A new mural at the Museum

There’s something new in the Longyear Museum lobby! Earlier this week, in the niche where Mary Baker Eddy’s Brougham carriage resides, a brand-new mural was installed. Now, a beautiful photograph of the entrance to Pleasant View, Mrs. Eddy’s former home in Concord, New Hampshire, provides a dramatic backdrop that helps to tell more fully the story of her daily carriage ride.

Workmen carefully install the new Pleasant View mural.

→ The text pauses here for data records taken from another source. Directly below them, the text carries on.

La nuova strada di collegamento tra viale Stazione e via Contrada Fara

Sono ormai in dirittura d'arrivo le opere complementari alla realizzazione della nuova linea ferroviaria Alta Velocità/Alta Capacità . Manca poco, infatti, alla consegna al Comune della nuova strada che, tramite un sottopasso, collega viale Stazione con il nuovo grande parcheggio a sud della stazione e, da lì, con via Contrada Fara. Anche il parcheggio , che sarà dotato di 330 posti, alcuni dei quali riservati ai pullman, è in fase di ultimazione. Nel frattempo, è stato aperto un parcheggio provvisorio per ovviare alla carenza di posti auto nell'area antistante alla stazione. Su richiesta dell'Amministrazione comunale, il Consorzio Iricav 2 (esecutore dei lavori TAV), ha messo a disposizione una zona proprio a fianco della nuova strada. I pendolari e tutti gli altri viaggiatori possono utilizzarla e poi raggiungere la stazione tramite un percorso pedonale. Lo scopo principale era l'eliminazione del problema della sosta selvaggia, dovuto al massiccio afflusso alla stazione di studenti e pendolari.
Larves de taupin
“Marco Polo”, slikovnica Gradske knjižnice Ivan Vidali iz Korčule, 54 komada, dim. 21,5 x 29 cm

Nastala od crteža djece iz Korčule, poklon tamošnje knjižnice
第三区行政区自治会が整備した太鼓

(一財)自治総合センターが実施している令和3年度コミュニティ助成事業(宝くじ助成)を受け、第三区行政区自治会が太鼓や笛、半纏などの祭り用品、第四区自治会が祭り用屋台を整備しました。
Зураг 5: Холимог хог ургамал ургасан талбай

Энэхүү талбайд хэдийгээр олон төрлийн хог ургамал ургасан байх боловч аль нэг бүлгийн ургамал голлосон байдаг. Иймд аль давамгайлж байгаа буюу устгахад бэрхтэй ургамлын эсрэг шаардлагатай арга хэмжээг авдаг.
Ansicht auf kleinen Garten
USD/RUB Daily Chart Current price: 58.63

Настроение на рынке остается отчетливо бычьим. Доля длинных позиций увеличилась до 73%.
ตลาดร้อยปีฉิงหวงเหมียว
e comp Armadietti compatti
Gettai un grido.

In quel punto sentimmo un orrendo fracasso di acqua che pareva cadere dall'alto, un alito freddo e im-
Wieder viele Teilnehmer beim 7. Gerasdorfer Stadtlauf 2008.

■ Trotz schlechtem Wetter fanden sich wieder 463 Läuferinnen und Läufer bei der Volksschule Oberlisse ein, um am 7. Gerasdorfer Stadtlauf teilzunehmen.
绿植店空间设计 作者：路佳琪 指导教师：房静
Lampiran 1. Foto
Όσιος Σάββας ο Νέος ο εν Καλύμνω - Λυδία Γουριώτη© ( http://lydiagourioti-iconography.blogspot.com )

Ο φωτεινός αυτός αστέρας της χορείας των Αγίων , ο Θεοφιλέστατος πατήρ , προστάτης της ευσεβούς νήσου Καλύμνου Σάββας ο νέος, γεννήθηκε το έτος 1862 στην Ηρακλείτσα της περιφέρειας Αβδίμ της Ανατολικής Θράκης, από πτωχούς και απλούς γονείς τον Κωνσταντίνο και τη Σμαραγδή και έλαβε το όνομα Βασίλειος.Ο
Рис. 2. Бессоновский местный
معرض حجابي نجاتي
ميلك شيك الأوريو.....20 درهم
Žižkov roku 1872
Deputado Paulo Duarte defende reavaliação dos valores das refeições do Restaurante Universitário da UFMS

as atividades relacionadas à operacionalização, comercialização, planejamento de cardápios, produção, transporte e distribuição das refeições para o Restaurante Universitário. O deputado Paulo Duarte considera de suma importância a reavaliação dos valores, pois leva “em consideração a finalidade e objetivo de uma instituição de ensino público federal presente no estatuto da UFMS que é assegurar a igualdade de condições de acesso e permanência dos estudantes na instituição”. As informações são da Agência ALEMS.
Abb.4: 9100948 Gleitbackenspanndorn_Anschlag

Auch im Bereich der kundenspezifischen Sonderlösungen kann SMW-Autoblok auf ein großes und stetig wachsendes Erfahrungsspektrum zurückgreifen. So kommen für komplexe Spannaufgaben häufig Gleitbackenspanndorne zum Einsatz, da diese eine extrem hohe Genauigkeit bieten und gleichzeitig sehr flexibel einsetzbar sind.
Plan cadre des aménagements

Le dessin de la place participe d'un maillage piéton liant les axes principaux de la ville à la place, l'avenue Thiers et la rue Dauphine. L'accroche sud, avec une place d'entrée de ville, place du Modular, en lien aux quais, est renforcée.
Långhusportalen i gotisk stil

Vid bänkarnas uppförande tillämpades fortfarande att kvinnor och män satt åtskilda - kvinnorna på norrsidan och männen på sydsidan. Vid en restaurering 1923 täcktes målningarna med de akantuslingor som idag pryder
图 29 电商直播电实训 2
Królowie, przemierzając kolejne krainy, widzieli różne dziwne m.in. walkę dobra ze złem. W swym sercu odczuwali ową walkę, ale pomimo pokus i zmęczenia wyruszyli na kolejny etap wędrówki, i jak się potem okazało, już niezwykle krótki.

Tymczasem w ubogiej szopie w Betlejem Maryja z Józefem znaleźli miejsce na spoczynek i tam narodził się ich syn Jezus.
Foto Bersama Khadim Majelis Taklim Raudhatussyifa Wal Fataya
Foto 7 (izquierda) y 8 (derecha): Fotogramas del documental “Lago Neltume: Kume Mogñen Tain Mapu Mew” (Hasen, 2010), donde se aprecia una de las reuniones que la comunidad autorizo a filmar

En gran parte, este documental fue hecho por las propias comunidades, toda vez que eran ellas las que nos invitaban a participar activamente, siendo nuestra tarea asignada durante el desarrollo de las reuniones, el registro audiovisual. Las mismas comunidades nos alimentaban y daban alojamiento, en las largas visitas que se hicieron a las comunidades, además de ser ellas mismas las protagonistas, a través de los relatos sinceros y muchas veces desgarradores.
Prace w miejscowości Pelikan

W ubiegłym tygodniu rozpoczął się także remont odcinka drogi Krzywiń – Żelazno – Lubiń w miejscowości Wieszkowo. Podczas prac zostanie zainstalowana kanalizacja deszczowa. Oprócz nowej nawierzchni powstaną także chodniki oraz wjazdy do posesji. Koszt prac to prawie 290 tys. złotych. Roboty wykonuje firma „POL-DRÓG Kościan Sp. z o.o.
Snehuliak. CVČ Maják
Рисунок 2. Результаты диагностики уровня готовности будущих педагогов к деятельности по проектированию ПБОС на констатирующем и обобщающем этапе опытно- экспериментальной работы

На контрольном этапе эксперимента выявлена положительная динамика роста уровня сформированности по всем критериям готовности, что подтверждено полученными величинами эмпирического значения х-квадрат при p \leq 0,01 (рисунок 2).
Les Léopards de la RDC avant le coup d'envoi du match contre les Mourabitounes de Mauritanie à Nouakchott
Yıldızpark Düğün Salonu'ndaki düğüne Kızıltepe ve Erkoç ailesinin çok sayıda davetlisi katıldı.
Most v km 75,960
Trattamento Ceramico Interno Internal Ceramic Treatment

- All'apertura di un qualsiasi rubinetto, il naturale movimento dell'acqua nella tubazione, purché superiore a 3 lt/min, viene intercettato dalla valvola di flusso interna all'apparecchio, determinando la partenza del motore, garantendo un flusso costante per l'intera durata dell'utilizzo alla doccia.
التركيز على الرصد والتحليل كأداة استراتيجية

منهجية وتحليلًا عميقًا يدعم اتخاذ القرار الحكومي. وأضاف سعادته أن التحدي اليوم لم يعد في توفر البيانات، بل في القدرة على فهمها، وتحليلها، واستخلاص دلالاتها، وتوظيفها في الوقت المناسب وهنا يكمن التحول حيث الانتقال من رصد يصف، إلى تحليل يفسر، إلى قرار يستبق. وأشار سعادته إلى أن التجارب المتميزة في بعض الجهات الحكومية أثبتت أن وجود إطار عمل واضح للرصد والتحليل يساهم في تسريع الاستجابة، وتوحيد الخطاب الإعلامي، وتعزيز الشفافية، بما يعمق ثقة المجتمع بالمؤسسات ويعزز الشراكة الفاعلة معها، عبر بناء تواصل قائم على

A gift to Longyear in 2016 from The First Church of Christ, Scientist, in Boston, the Brougham carriage was custom-built for Mrs. Eddy while she was living at Pleasant View. Each day at one o’clock sharp, Calvin Frye would escort Mrs. Eddy to its door, and groundskeeper John Salchow would be there to hold the horses. Often, Mrs. Eddy would have peanuts and candies put up in little bags to give to children that she passed en route. Her daily drive meant many things – it was a time for prayer, for a quiet respite from her tasks as Leader (she once referred to her carriage ride as “a one-hour cheery vacation from the desk”)1 – and the outing also gave assurance to a curious public that, despite persistent rumors, she was still very much at the helm of the Christian Science movement.

The mural is a reproduction of a historic photograph in Longyear Museum’s collection.

With the addition of this lovely mural, visitors can now see the Brougham carriage as it once would have looked, coming and going from its original residence at Pleasant View.

The new Brougham carriage exhibit is ready for visitors!

Notes


  1. Mary Baker Eddy to Gilbert Carpenter, December 21, 1902, L14133, The Mary Baker Eddy Collection, The Mary Baker Eddy Library.